- Title
- Sorathi Ragini, Third Wife of Megha Mallar Raga, Folio from a Ragamala (Garland of Melodies)
- Date Made
- circa 1775
- Medium
- Opaque watercolor and gold on paper
- Dimensions
- Sheet: 8 11/16 x 5 3/4 in. (22.06 x 14.61 cm); Image: 7 1/2 x 4 1/2 in. (19.05 x 11.43 cm)
- Accession Number
- M.85.290.4
- Collecting Area
- South and Southeast Asian Art
- Curatorial Notes
Sorathi Ragini is the third wife of Megha Mallar Raga in some 18th-century Deccani ragamala (garland of melodies) traditions. Its iconography consists of a standing heroine playing or carrying a vina and accompanied by peafowl. Here, a garland lies on the ground beside her. The personification is similar to Kakubha Ragini, who is also the third wife of Megha Mallar Raga in the predominant ragamala classification system generally known as the Rajasthani system and in some 18th-century Deccani pictorial traditions (for the latter, see M.87.278.16). The chief iconographic distinction between the two melodies is that Sorathi Ragini is depicted standing or walking rather than sitting on a hillock or peak.

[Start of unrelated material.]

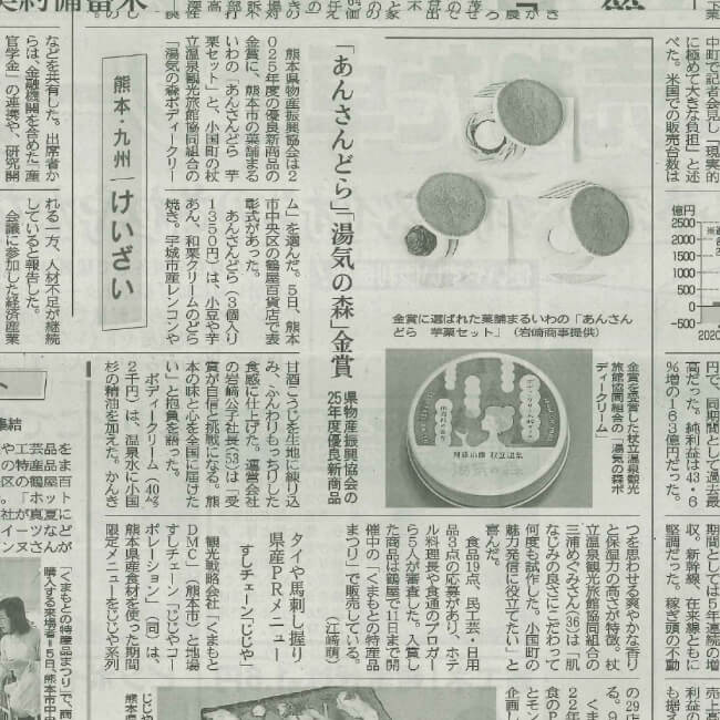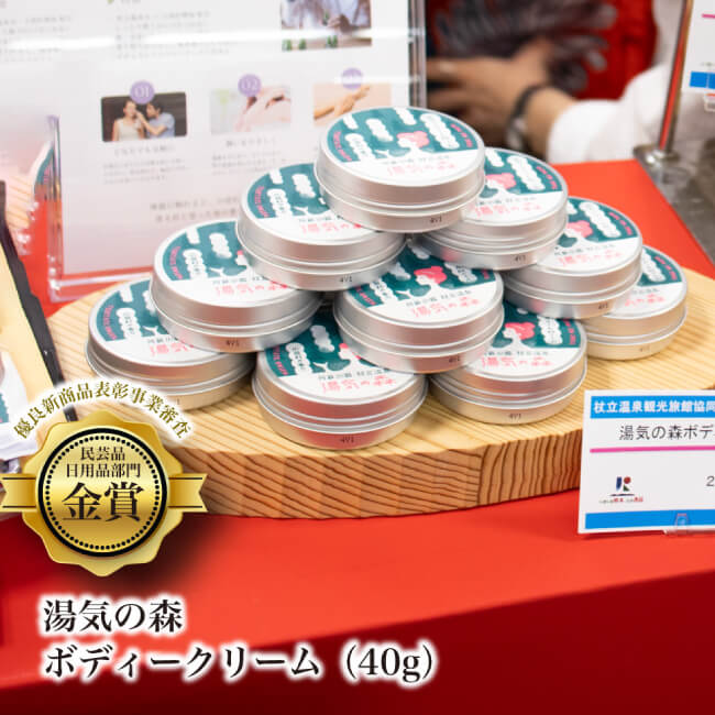 温泉地・小国町の日常に立ちのぼる「湯気」と、町の約8割を占める森の風景から着想を得て開発した入浴剤。杖立温泉を自宅のお風呂でも味わえるよう、香りや使い心地、世界観まで含めて設計しました。熊本県優良新商品 金賞受賞

Here, the heroine plays a vina and stares down at a mesmerized peacock while walking in a field of flowers. Two more peacocks and a peahen also gaze up at her. On the ground behind her is a gold beaded garland cast aside or dropped in her distraught mood. The plain tan background with a narrow band of clouds is dominated by a contorted tree with a white hare at its base looking up at the peculiar tree with the same enraptured expression as the peafowl.